(Beginning of Material for the task)

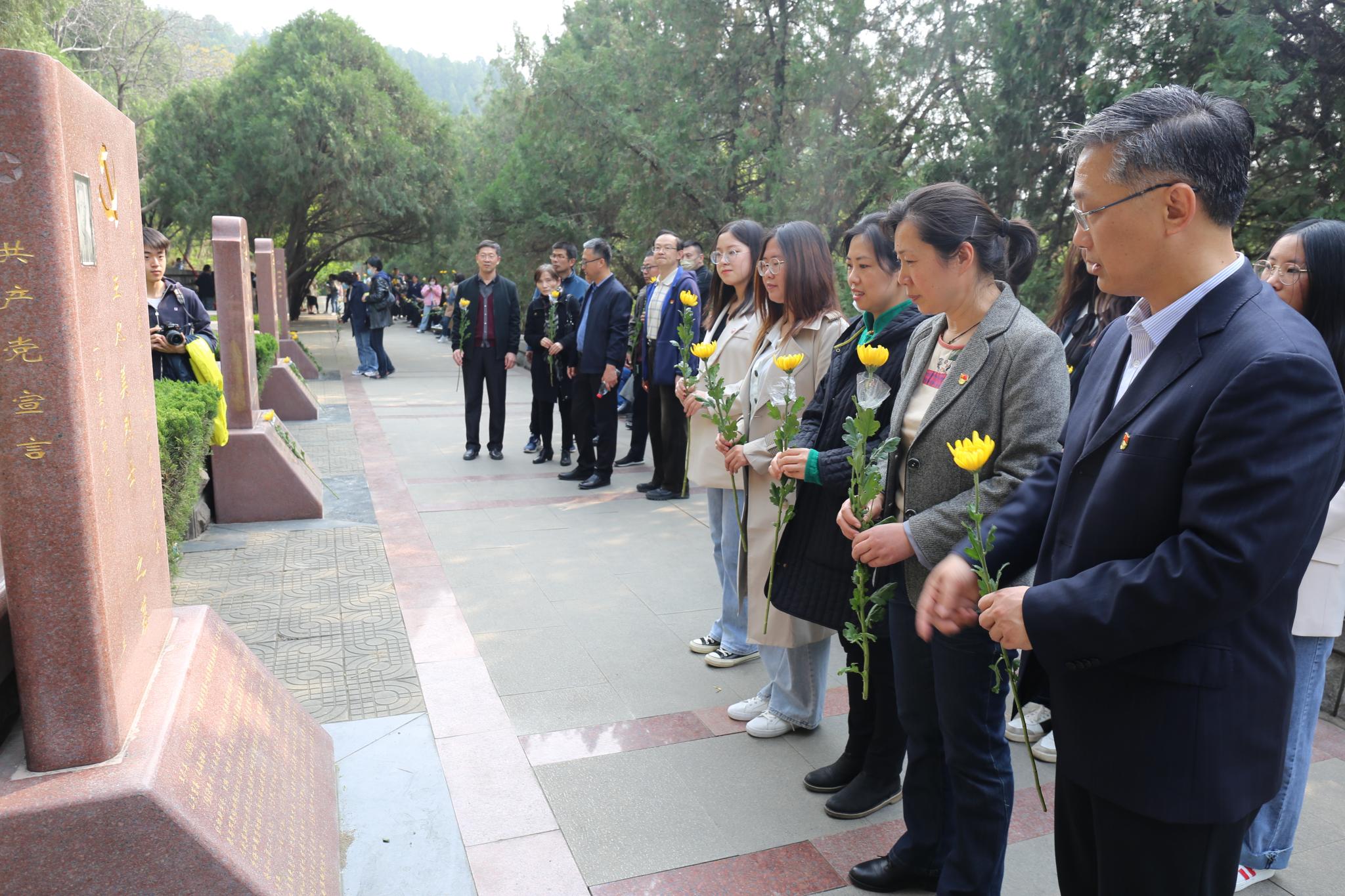 苍松翠柏寄哀思,绿水青山映忠魂。在英雄山清明广场,在直属单位党委副书记颜春杰指挥下,全体师生整齐列队,肃立默哀,向为中华民族伟大复兴和解放事业作出杰出贡献和英勇牺牲的烈士鞠躬致敬。全体党员在直属单位党委副书记李宗刚的带领下面向鲜红的党旗重温入党誓词。全体青年团员在团委书记李莉的带领下面向火红的团旗重温入团誓词。随后,大家列队瞻仰烈士陵园。在王尽美、邓恩铭等烈士墓前,师生们驻足列队,鞠躬默哀,追思英烈的丰功伟绩,向烈士们献花。
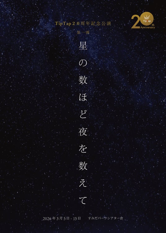 Cue Company主催、TipTap20周年記念公演 第一弾『星の数ほど夜を数えて』が2026年3月5日 (木) ~ 2026年3月15日 (日)にすみだパークシアター倉(東京都墨田区横川1-1-10)にて上演されます。
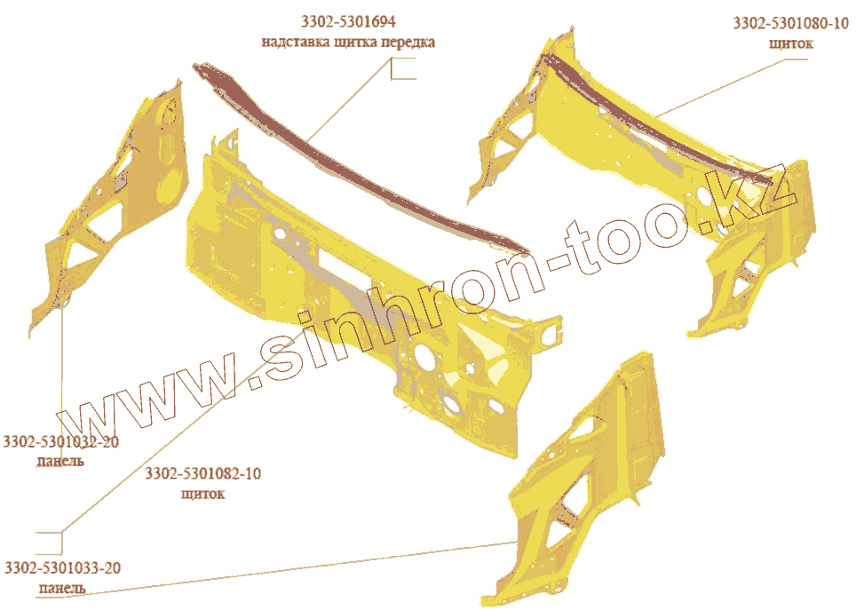 Каталог запасных частей к технике: ГАЗ-3302 (Кузовные дет.). Передок
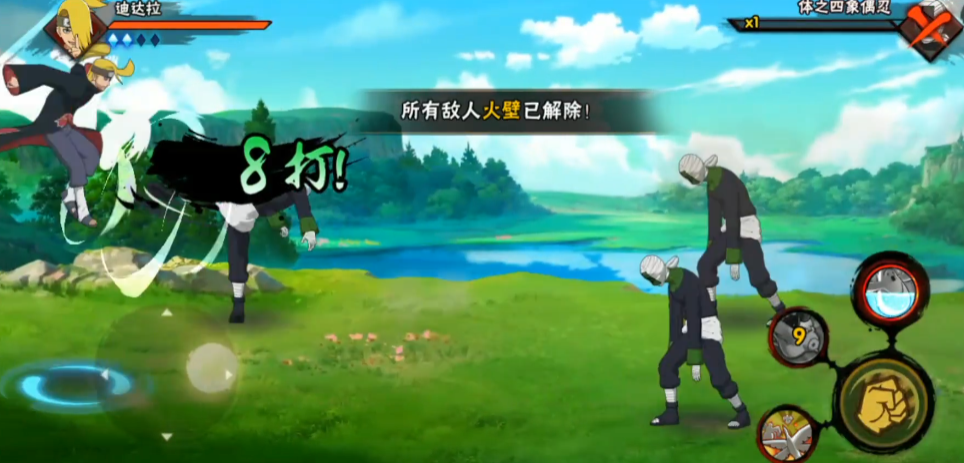 充分利用迪达拉的飞行能力和爆炸黏土技能应对真实瀑布中的各种障碍,第一关会遇到火之偶忍和土之偶忍的联合攻击,火之偶忍释放火焰,土之偶忍制造土流壁阻挡去路,利用迪达拉技能的飞行效果穿过火焰,结合空中普攻的Y轴位移特点在空中躲开墙体阻挡,操作得当可以实现无伤过关。
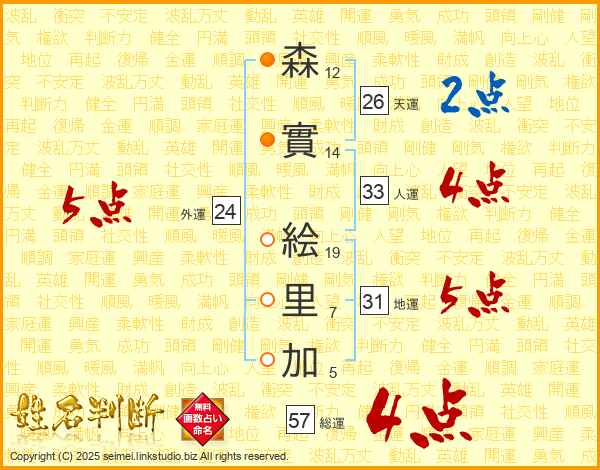 森(12画)實(14画) 絵(19画)里(7画)加(5画)
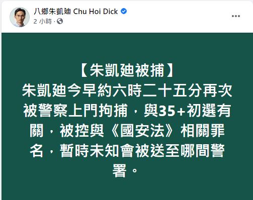 前立法會議員范國威、朱凱廸、梁國雄、前香港眾志副主席、南區區議員袁嘉蔚、中西區區議員梁晃維、屯門區議員張可森、荃灣區區議員岑敖暉、元朗區區議員王百羽、荃灣區區議員譚凱邦、沙田區區議員岑子杰、前《立場新聞》記者何桂藍、民間集會團隊發言人劉頴匡,和九龍西地區組織半島連線召集人馮達浚、12港人關注組成員鄒家成、前學民思潮發言人黃子悅,今早也被上門拘捕。
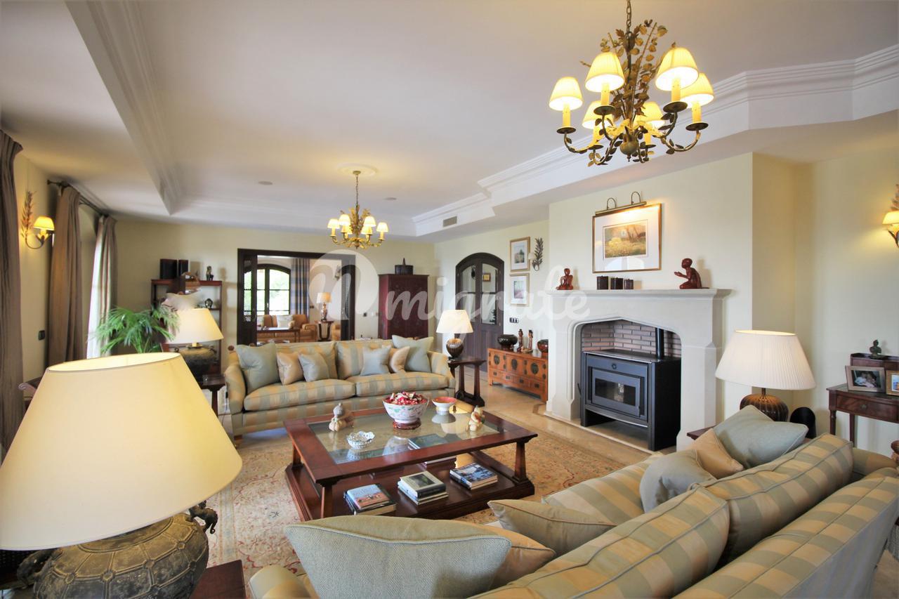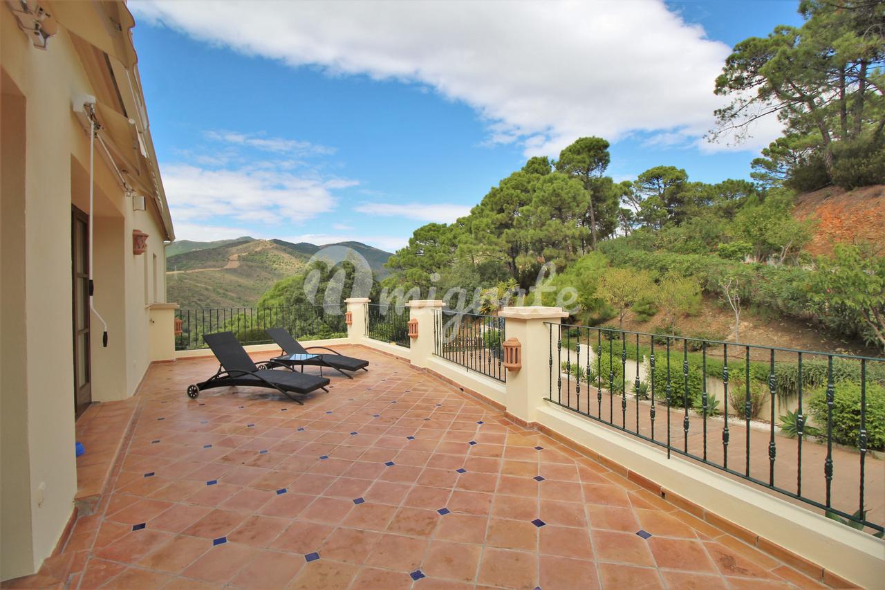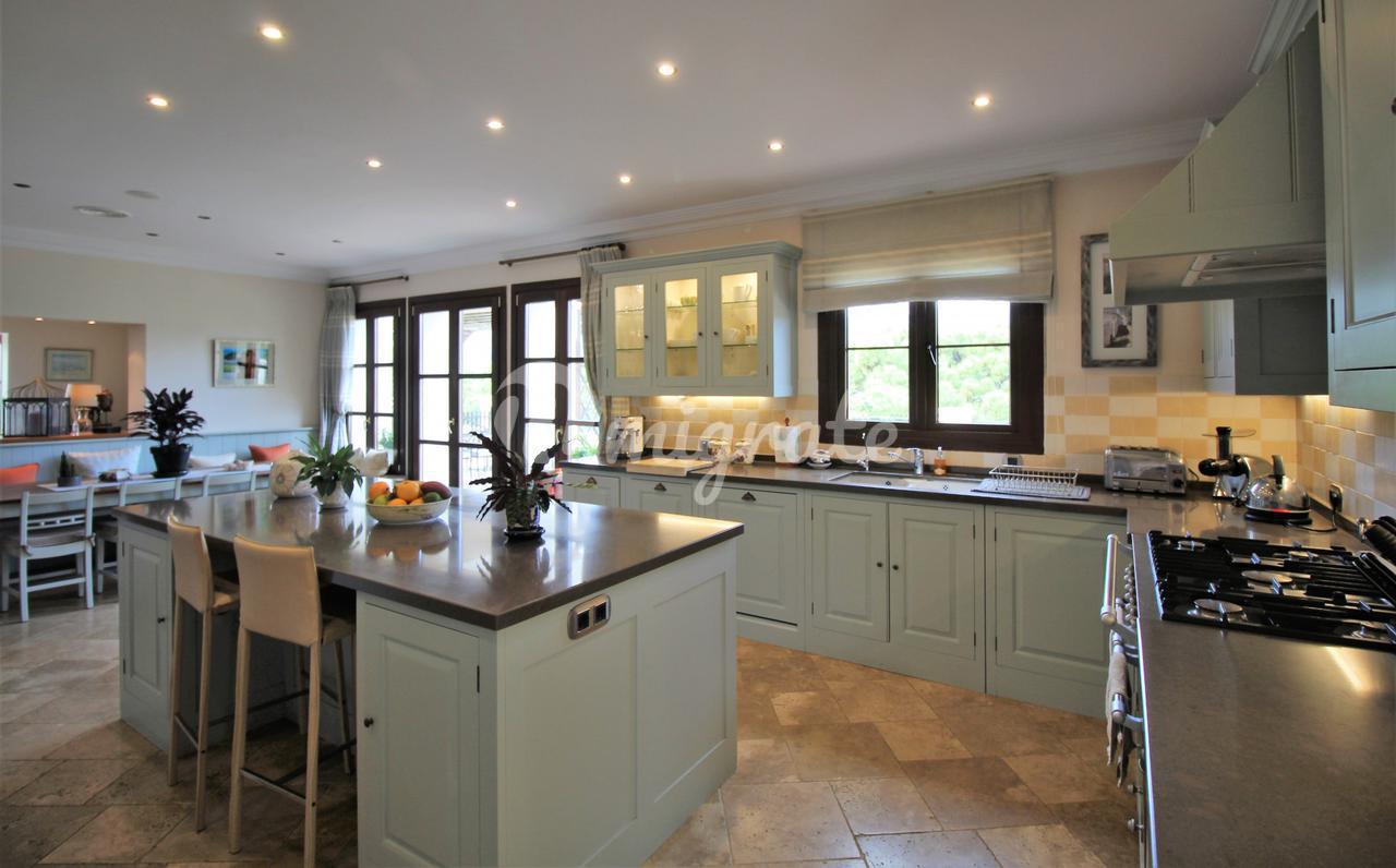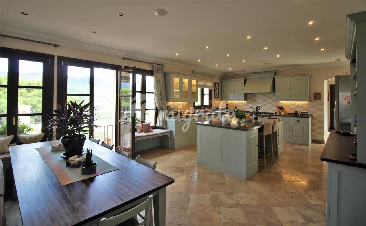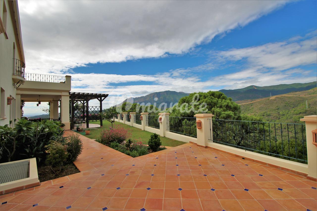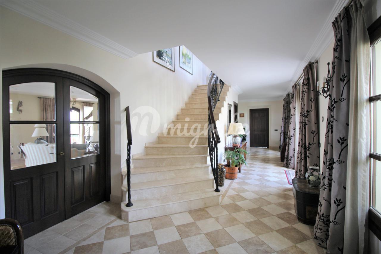 Этот впечатляющий загородный дом, спроектированный известным архитектором Сезаром де Лейвой, расположен на самой вершине Эль-Велерин-Альто, в глубине страны, недалеко от прибрежной дороги перед городом Эстепона, в окружении лесистых холмов природного парка Сьерра-Бермеха, наполняющих свежую горную местность запахом сосны, лаванды и дикорастущих растений. К собственности, состоящей из главного дома и примыкающих к нему автономных апартаментов в современном стиле, ведет широкая подъездная дорога с кольцевой развязкой, доступ к которой осуществляется через прихожую с гостевым туалетом и техническим помещением, далее есть зона приема с выходом в центральный двор и изящная лестница на верхний уровень, которая дает вход в официальную гостиную с камином на пеллетах. Слева находится семейная комната с газовым камином, которая в настоящее время используется как офис, а справа от гостиной находится столовая, которая фактически используется как семейная комната. Эта комната соединена с большой, полностью оборудованной по индивидуальному заказу английской кухней с газовой плитой, электрической духовкой, посудомоечной машиной и холодильником для вина. Здесь также есть центральный остров и уголок для завтрака со столом очень большого размера. Кладовая и прачечная соединены с кухней, а также имеют выход во внутренний двор.

(End of Material for the task)

### Problem details
Top to bottom, retype the listing exactly but drop every picture.

### Output of the exercise
 苍松翠柏寄哀思,绿水青山映忠魂。在英雄山清明广场,在直属单位党委副书记颜春杰指挥下,全体师生整齐列队,肃立默哀,向为中华民族伟大复兴和解放事业作出杰出贡献和英勇牺牲的烈士鞠躬致敬。全体党员在直属单位党委副书记李宗刚的带领下面向鲜红的党旗重温入党誓词。全体青年团员在团委书记李莉的带领下面向火红的团旗重温入团誓词。随后,大家列队瞻仰烈士陵园。在王尽美、邓恩铭等烈士墓前,师生们驻足列队,鞠躬默哀,追思英烈的丰功伟绩,向烈士们献花。
 Cue Company主催、TipTap20周年記念公演 第一弾『星の数ほど夜を数えて』が2026年3月5日 (木) ~ 2026年3月15日 (日)にすみだパークシアター倉(東京都墨田区横川1-1-10)にて上演されます。
 Каталог запасных частей к технике: ГАЗ-3302 (Кузовные дет.). Передок
 充分利用迪达拉的飞行能力和爆炸黏土技能应对真实瀑布中的各种障碍,第一关会遇到火之偶忍和土之偶忍的联合攻击,火之偶忍释放火焰,土之偶忍制造土流壁阻挡去路,利用迪达拉技能的飞行效果穿过火焰,结合空中普攻的Y轴位移特点在空中躲开墙体阻挡,操作得当可以实现无伤过关。
 森(12画)實(14画) 絵(19画)里(7画)加(5画)
 前立法會議員范國威、朱凱廸、梁國雄、前香港眾志副主席、南區區議員袁嘉蔚、中西區區議員梁晃維、屯門區議員張可森、荃灣區區議員岑敖暉、元朗區區議員王百羽、荃灣區區議員譚凱邦、沙田區區議員岑子杰、前《立場新聞》記者何桂藍、民間集會團隊發言人劉頴匡,和九龍西地區組織半島連線召集人馮達浚、12港人關注組成員鄒家成、前學民思潮發言人黃子悅,今早也被上門拘捕。
 Этот впечатляющий загородный дом, спроектированный известным архитектором Сезаром де Лейвой, расположен на самой вершине Эль-Велерин-Альто, в глубине страны, недалеко от прибрежной дороги перед городом Эстепона, в окружении лесистых холмов природного парка Сьерра-Бермеха, наполняющих свежую горную местность запахом сосны, лаванды и дикорастущих растений. К собственности, состоящей из главного дома и примыкающих к нему автономных апартаментов в современном стиле, ведет широкая подъездная дорога с кольцевой развязкой, доступ к которой осуществляется через прихожую с гостевым туалетом и техническим помещением, далее есть зона приема с выходом в центральный двор и изящная лестница на верхний уровень, которая дает вход в официальную гостиную с камином на пеллетах. Слева находится семейная комната с газовым камином, которая в настоящее время используется как офис, а справа от гостиной находится столовая, которая фактически используется как семейная комната. Эта комната соединена с большой, полностью оборудованной по индивидуальному заказу английской кухней с газовой плитой, электрической духовкой, посудомоечной машиной и холодильником для вина. Здесь также есть центральный остров и уголок для завтрака со столом очень большого размера. Кладовая и прачечная соединены с кухней, а также имеют выход во внутренний двор.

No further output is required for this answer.